Click here to download example protein fasta files.

COGclassifier -i ./example/ecoli.faa -o ./ecoli_cogclassifier

Output Contents

  • rpsblast.tsv (example)
    RPS-BLAST against COG database result (format = outfmt 6).

  • cog_classify.tsv (example)
    Query sequences classified into COG functional category result.
    This file contains all classified query sequences and associated COG information.

    Table of detailed tsv format information (9 columns) | Columns | Contents | Example Value | | ---------------- | -------------------------------------- | ----------------------------------- | | QUERY_ID | Query ID | NP_414544.1 | | COG_ID | COG ID of RPS-BLAST top hit result | COG0083 | | CDD_ID | CDD ID of RPS-BLAST top hit result | 223161 | | EVALUE | RPS-BLAST top hit evalue | 2.5e-150 | | IDENTITY | RPS-BLAST top hit identity | 45.806 | | GENE_NAME | Abbreviated gene name | ThrB | | COG_NAME | COG gene name | Homoserine kinase | | COG_LETTER | Letter of COG functional category | E | | COG_DESCRIPTION | Description of COG functional category | Amino acid transport and metabolism |
  • cog_count.tsv (example)
    Count classified sequences per COG functional category result.

    Table of detailed tsv format information (5 columns) | Columns | Contents | Example Value | | ------------| --------------------------------------- | ----------------------------------------------- | | LETTER | Letter of COG functional category | J | | COUNT | Count of COG classified sequence | 259 | | GROUP | COG functional group | INFORMATION STORAGE AND PROCESSING | | COLOR | Symbol color of COG functional category | #FCCCFC | | DESCRIPTION | Description of COG functional category | Translation, ribosomal structure and biogenesis |
  • cogclassifier.log (example)
    COGclassifier log file.

  • cog_count_barchart.[png|html]
    Barchart of COG funcitional category classification result.
    COGclassifier uses Altair visualization library for plotting charts.

cog_count_barchart

  • cog_count_piechart.[png|html]
    Piechart of COG funcitional category classification result.
    Functional category with percentages less than 1% don't display letter on piechart.

cog_count_piechart

Customize Charts

COGclassifier also provides barchart & piechart plotting API/CLI to customize charts appearence.
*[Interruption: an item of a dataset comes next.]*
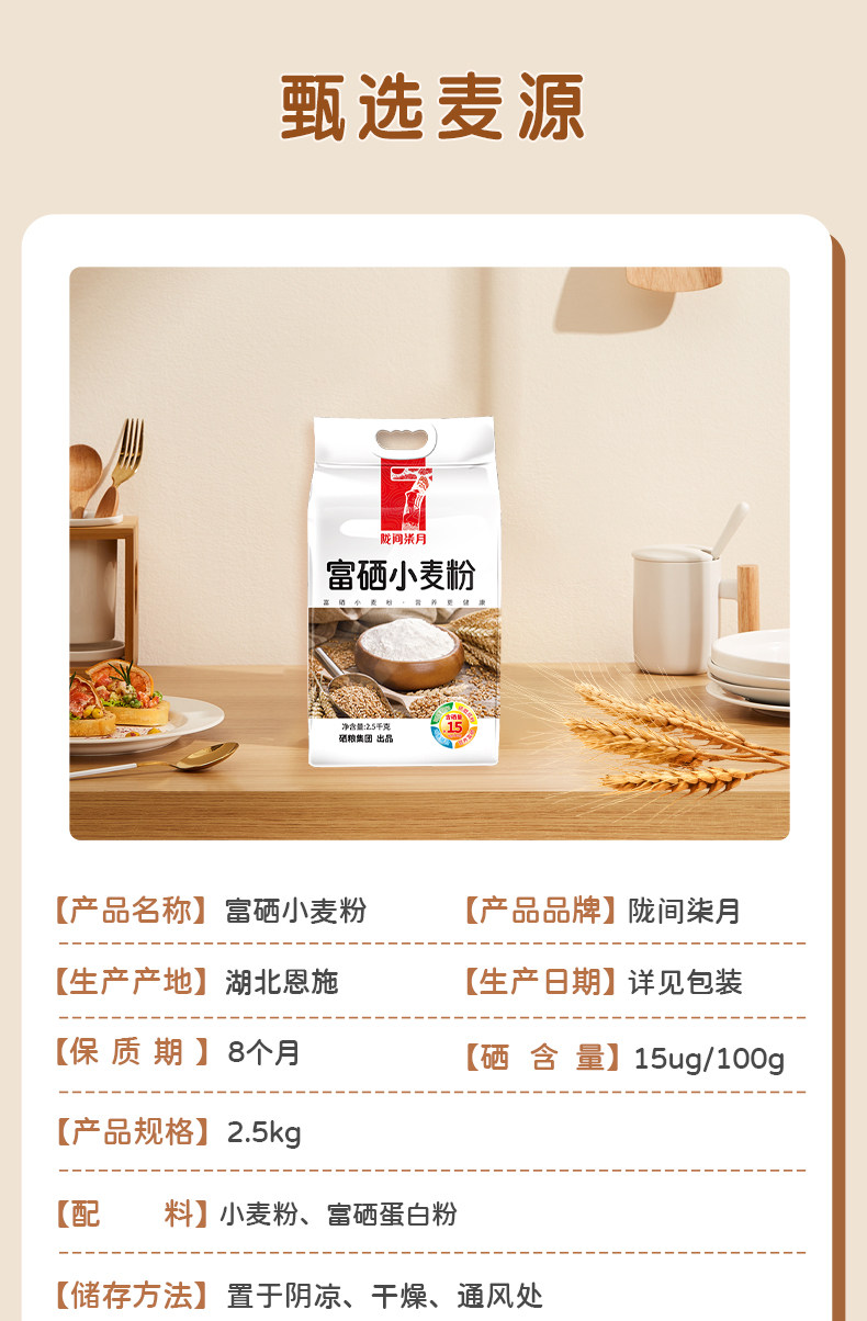 商品名称:陇间柒月富硒小麦粉精选优质高山小麦细腻劲道1kg

See notebooks and command below for details.

plotcogcount_barchart

$ plot_cog_count_barchart --help

Usage: plot_cog_count_barchart [OPTIONS]                                                      

Plot COGclassifier count barchart figure                                                      

╭─ Options ───────────────────────────────────────────────────────────────────────────────────╮
│ *  --infile         -i        Input COG count result file ('cog_count.tsv') [required]      │
│ *  --outfile        -o        Output barchart figure file (*.png|*.svg|*.html) [required]   │
│    --width                    Figure pixel width [default: 440]                             │
│    --height                   Figure pixel height [default: 340]                            │
│    --bar_width                Figure bar width [default: 15]                                │
│    --y_limit                  Y-axis max limit value                                        │
│    --percent_style            Plot percent style instead of number count                    │
│    --sort                     Enable descending sort by number count                        │
│    --dpi                      Figure DPI [default: 100]                                     │
│    --help           -h        Show this message and exit.                                   │
╰─────────────────────────────────────────────────────────────────────────────────────────────╯

plotcogcount_piechart

$ plot_cog_count_piechart --help

Usage: plot_cog_count_piechart [OPTIONS]                                                      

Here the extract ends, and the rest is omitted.